To get ACRI off the ground, Mr Huang, who founded the Chinese property development company Yuhu, donated $1.8 million in three annual instalments of $588,000, beginning in 2014.
After migrating to Australia in 2011, Mr Huang became a prominent political donor, contributing around $3 million to major parties.
In 2015, he attracted notoriety by paying a $5000 legal bill for Sam Dastyari after the former Labor senator was sued by an advertising firm over his conduct when he was general secretary with NSW Labor.
A year later, the Global Times, a Communist Party-owned Chinese newspaper, quoted Mr Huang as saying “political demands and political donations” should be “more organically and effectively linked”.
Dozens of high-profile Australian journalists have been flown to China on all-expenses-paid trips at the invitation of Mr Huang’s then-director, ex-foreign minister Bob Carr and the All-China Journalists Association, according to local Chinese-language media.
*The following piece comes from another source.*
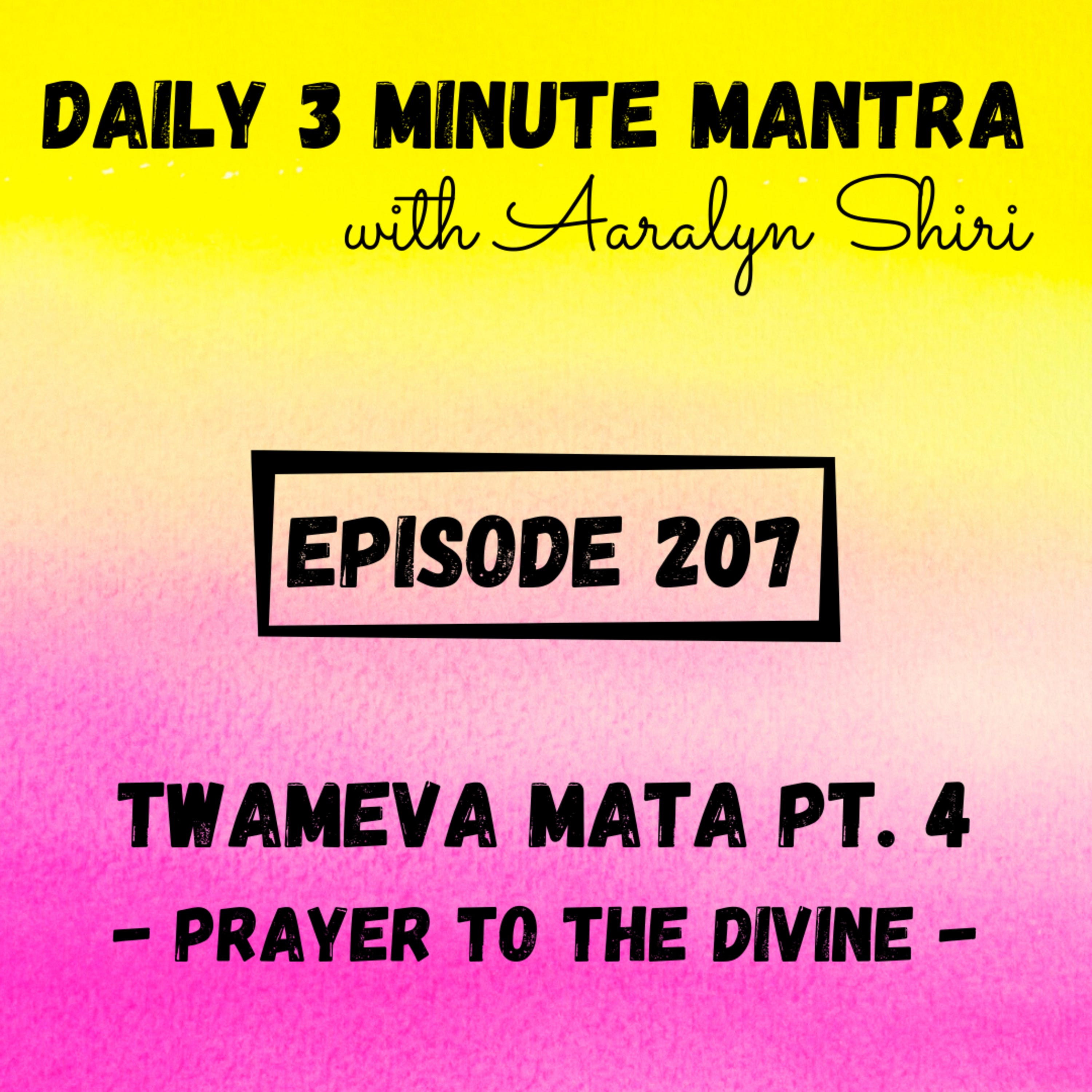 Welcome to Episode 207 of the Daily 3 Minute Mantra Podcast with Aaralyn Shiri! Today's mantra is part 4 of a Sanskrit prayer to the divine called "Twameva."

One group in 2016 collectively published 15 articles upon their return, objectively conveying China’s voice and detailing how Australia could benefit from China’s economic growth.
Professor Laurenceson asserted he is no “CCP stooge”, pointing to multiple examples of where he has been critical of China’s ruling Communist Party.
“Could a critic cherry-pick some of my other quotes to imply I am a [Communist Party] stooge? Of course, but that would reflect their dishonesty and political agenda, not the quality and independence of my work,” he said.
Professor John Fitzgerald, a China expert at Swinburne University, said ACRI is “damaging to rational public debate about an important bilateral relationship – one that Australia urgently needs to get right”.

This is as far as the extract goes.